The memory stack works best when you separate three jobs instead of stuffing them into one vague “maintenance” task.

1. Memory sweep

This is the judgment pass. Review recent sessions, pull durable decisions and corrections, update cards, and promote recurring mistakes into rules.

{
  "name": "memory-sweep",
  "schedule": {
    "kind": "cron",
    "expr": "0 */6 * * *",
    "tz": "America/New_York"
  },
  "payload": {
    "kind": "agentTurn",
    "message": "Review recent sessions. Update daily logs. Create or update knowledge cards for durable decisions, corrections, and lessons. Skip trivial chatter.",
    "model": "openai-codex/gpt-5.5"
  },
  "delivery": { "mode": "none" },
  "sessionTarget": "isolated"
}

2. Handoff ingest

If other machines or Claude Code sessions emit memory handoffs, ingest them on a short cadence so they do not rot in a folder.
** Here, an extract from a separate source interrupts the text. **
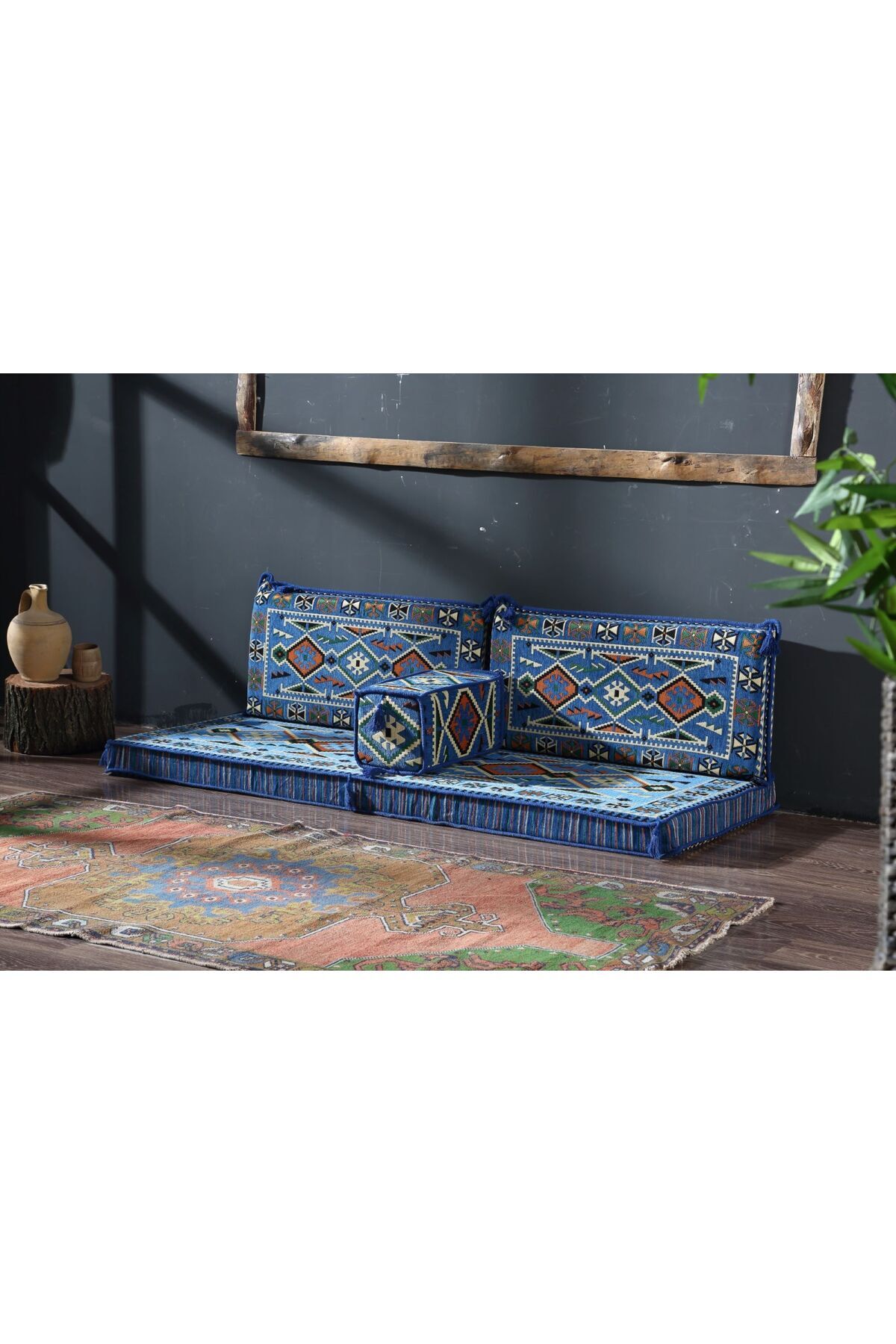 FLOOR CUSHION 1 x 70 x 190 x 10 cm BACK CUSHION 2 x 40 x 90 x 10 or 12 cm ARMREST 1 x 20 x 20 x 50 or 22 x 22 x 48 cm

*/30 * * * * bash ~/.openclaw/workspace/scripts/run-memory-handoff-ingest.sh

3. Card staleness scan

This is the decay pass. It does not create new knowledge. It finds cards whose claims are aging out and queues them for refresh or manual review.

0 4 * * * python3 ~/.openclaw/workspace/scripts/card-decay-scanner.py

A clean division of labor helps:

JobPurposeTypical cadence
Memory sweepDistill recent work into durable memoryEvery 6-12 hours
Handoff ingestPull machine-local memory proposals into canonical storageEvery 15-30 minutes
Card staleness scanFlag aging or suspicious cards for refreshDaily

If you blur those together, you usually get one of two bad outcomes: either the sweep becomes bloated and slow, or stale cards sit around forever because nobody owns the decay loop.

Verification

# Check Ollama is running with embedding model
curl -s http://127.0.0.1:11434/api/tags | jq -r '.models[].name' | grep -i embed
# Expected: qwen3-embedding:8b (or whatever you configured)

# Check memory file structure
echo "=== Master Index ==="
wc -c ~/.openclaw/workspace/MEMORY.md

echo ""
echo "=== Knowledge Cards ==="
ls ~/.openclaw/workspace/memory/cards/ | wc -l
echo "cards"

echo ""
echo "=== Daily Logs ==="
ls ~/.openclaw/workspace/memory/20*.md 2>/dev/null | wc -l
echo "daily log files"

echo ""
echo "=== MEMORY.md Size Check ==="
SIZE=$(wc -c < ~/.openclaw/workspace/MEMORY.md)
if [ "$SIZE" -gt 4096 ]; then
  echo "⚠ MEMORY.md is ${SIZE} bytes. Consider trimming (target: <2KB)"
else
  echo "✓ MEMORY.md is ${SIZE} bytes (healthy)"
fi

Gotchas

  1. Local embeddings are more than good enough. qwen3-embedding:8b (5GB) or nomic-embed-text (274M / 1.6GB) both beat round-tripping to OpenAI’s embedding API for memory search. You need good enough relevance ranking, not SOTA - and the round-trip latency alone makes cloud embeddings a worse experience.

  2. Don’t load the backup. If you migrated from a monolithic MEMORY.md, the backup file might be 50-60KB. Never load it in a session. It exists for reference only.

  3. Card frontmatter matters for search. The tags and topic fields in YAML frontmatter improve semantic search accuracy. Don’t skip them.

  4. Memory search before answering. Make it a habit: before your agent answers questions about past decisions, dates, or people, it should search memory first. This catches things the agent “forgot” because they weren’t in today’s context.